The next edge in lexicographic order is (a, c). We thus introduce children D and E corresponding to tours where (a, c) is included and excluded, respectively. In node D, we can infer that neither (a, d) nor (a, e) can be in a tour, else a would have too many edges incident. Following our heuristic we consider E before D, and branch on edge (a, d). The children F and G are introduced with lower bounds 18 and 23, respectively. For each of these children we know about three of the edges incident upon a, and so can infer something about the remaining edge (a, e).

Consider the children of F first. The first remaining edge in lexicographic order is (b, c). If we include (b, c), then, as we have included (a, b), we cannot include (b, d) or (b, e). As we have eliminated (a, e) and (b, e), we must have (c, e) and (d, e). We cannot have (c, d) or c and d would have three incident edges.
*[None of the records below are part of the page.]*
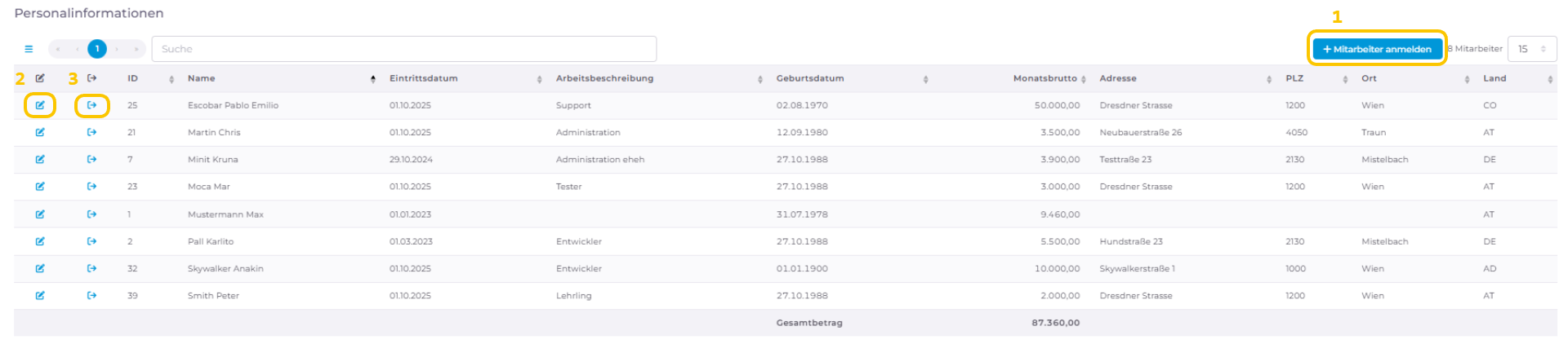 In dieser Übersicht werden alle aktiven Mitarbeiter angezeigt. Zusätzlich sind zu jeder Person Informationen wie Eintrittsdatum, Tätigkeitsbereich, Geburtsdatum, Gehaltsdaten sowie Adresse ersichtlich.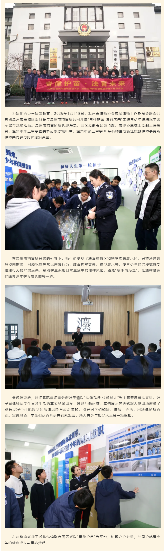 市律协鹿城律工委联合团区委、市拘留所开展“青律护苗”开启青少年沉浸式法治课堂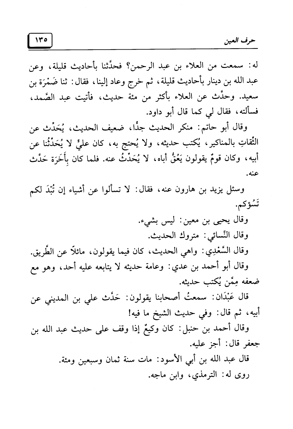 وقال أبو حاتم: منكر الحديث جدًّا، ضعيف الحديث، يُحَدِّث عن الثِّقاتِ بالمناكير، يُكتب حديثه، ولا يُحتج به، كان عليٌّ لا يُحَدِّثُنا عن أبيه، وكان قومٌ يقولون يَعُقُّ أباه، لا يُحَدِّثُ عنه. فلما كان بِأَخَرَة حَدَّث عنه.

We are left with one tour (a, b, c, e, d, a), whose cost is 23. Similarly, node I, where (b, c) is excluded, can be proved to represent only the tour (a b, e, c, d, a), of cost 21. That tour has the lowest cost found so far.

We now backtrack to E and consider its second child, G. But G has a lower bound of 23, which exceeds the best cost so far, 21. Thus we prune G. We now backtrack to B and consider its other child, D. The lower bound on D is 20.5, but since costs are integers, we know no tour represented by D can have cost less than 21. Since we already have a tour that cheap, we need not explore the descendants of D, and therefore prune D. Now we backtrack to A and consider its second child, C.

At the level of node C, we have only considered edge (a, b). Nodes J and K are introduced as children of C. J corresponds to those tours that have (a, c) but not (a, b), and its lower bound in 18.5. K corresponds to tours having neither (a, b) nor (a, c), and we may infer that those tours have (a, d) and (a, e). The lower bound for k is 21, and we may immediately prune k , since we already know a tour that is low in cost.

We next consider the children of J, which are L and M, and we prune M because its lower bound exceeds the best tour cost so far. The children of L are N and P, corresponding to tours that have (b, c), and that exclude (b, c). By considering the degree of nodes b and c, and remembering that the selected edges cannot form a cycle of fewer than all five cities, we can infer that nodes N and P each represent single tours. One of these, (a, c, b, e, d, a), has the lowest cost of any tour, 19. We have explored or pruned the entire tree and therefore end.

Fig. 10.22. Search tree for TSP solution.

## 10.5 Local Search Algorithms

Sometimes the following strategy will produce an optimal solution to a problem.

2. Apply to the current solution a transformation from some given set of transformations to improve the solution. The improvement becomes the new "current" solution.

3. Repeat until no transformation in the set improves the current solution. The resulting solution may or may not be optimal. In principle, if the "given set of transformations" includes all the transformations that take one solution and replace it by any other, then we shall never stop until we reach an optimal solution. But then the time to apply (2) above is the same as the time needed to examine all solutions, and the whole approach is rather pointless.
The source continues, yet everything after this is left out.